How An AI Tutor Could Level The Playing Field For Students Worldwide

Forbes07-04-2025
SigIQ founders Kurt Keutzer and Karttikeya Mangalam
Students who receive one-to-one tuition perform better than those who learn in large classes. That seems an obvious statement, but the size of the advantage that one-to-one learners enjoy may surprise you; the landmark study by educational psychologist Benjamin Bloom found '90% of tutored students ... attained the level of summative achievement reached by only the highest 20% of the control class'.
The real-life impact of this gap is to exacerbate inequality. Well-off students able to access one-on-one tutoring will perform better than classmates who learn in large groups. It's a problem in Western societies, with wealth inequality inhibiting social mobility. It also hits hundreds of millions of students in developing economies, who miss out on the educational advantages many of their counterparts in richer nations take for granted.

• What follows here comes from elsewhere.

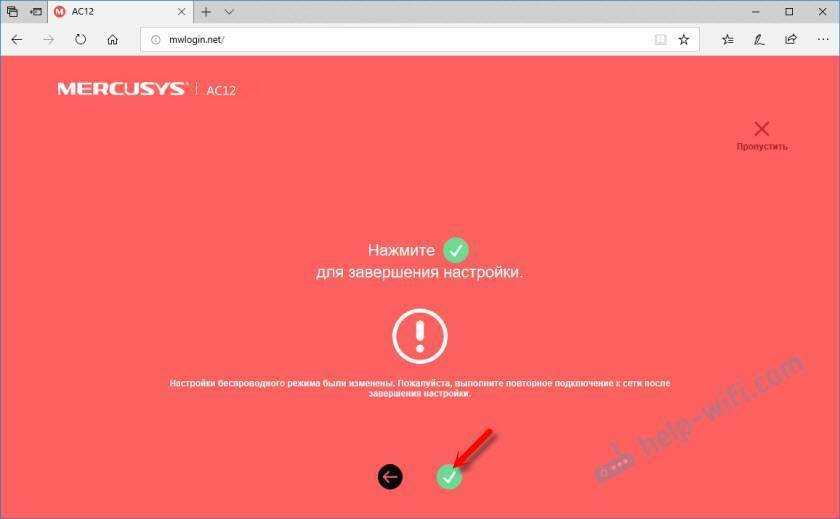 Вот и все. Если Mercusys AC12 раздает интернет и все работает, то настройка завершена.
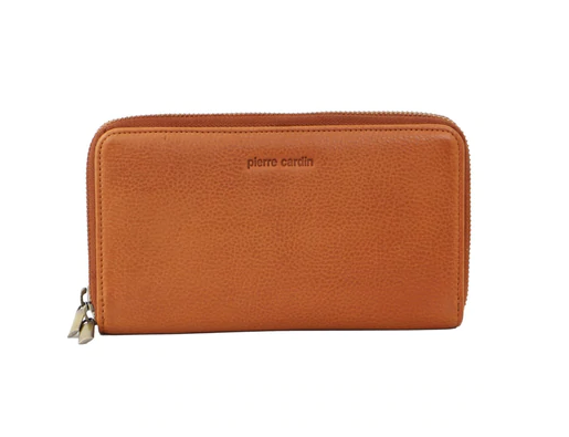Ladies Double Zip Wallet - Cognac by Pierre Cardin

Enter Karttikeya Mangalam, CEO and co-founder of SigIQ.ai, who believes artificial intelligence can begin to redress this balance. He and co-founder Kurt Keutzer have developed an AI tutor they claim can deliver one-to-one teaching of the same quality as a human educator, but at a fraction of the price. SigIQ, which is today announcing that it has raised $9.5 million of new funding, aims to offer this tutor to as many students who need it.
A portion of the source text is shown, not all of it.